Exercise data –
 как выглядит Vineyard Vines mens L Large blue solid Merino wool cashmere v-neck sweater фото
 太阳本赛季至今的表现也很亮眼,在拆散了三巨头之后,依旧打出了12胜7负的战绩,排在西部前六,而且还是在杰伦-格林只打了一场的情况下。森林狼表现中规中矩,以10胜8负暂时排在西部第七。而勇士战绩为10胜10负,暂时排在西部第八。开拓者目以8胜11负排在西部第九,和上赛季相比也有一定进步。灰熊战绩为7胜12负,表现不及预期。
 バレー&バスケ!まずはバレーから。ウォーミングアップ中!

* * *

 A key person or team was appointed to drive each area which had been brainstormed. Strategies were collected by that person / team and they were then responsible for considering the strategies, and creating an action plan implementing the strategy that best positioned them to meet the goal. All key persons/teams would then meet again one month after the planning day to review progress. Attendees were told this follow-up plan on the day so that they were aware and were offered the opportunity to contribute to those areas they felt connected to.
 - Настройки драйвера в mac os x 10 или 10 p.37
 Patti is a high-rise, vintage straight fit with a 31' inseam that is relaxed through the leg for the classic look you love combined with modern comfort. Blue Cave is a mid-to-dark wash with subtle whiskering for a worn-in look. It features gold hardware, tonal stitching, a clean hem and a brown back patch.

==

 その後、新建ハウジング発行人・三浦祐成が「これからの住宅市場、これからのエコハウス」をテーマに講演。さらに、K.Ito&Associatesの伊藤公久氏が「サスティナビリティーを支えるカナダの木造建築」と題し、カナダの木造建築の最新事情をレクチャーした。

Exercise aim –
From the records above, print only the lines between the one holding "как выглядит Vineyard" and the one holding "バレー&バスケ!まずはバレーから。ウォーミングアップ中!", inclusive, exactly as they stand.

Solution –
 как выглядит Vineyard Vines mens L Large blue solid Merino wool cashmere v-neck sweater фото
 太阳本赛季至今的表现也很亮眼,在拆散了三巨头之后,依旧打出了12胜7负的战绩,排在西部前六,而且还是在杰伦-格林只打了一场的情况下。森林狼表现中规中矩,以10胜8负暂时排在西部第七。而勇士战绩为10胜10负,暂时排在西部第八。开拓者目以8胜11负排在西部第九,和上赛季相比也有一定进步。灰熊战绩为7胜12负,表现不及预期。
 バレー&バスケ!まずはバレーから。ウォーミングアップ中!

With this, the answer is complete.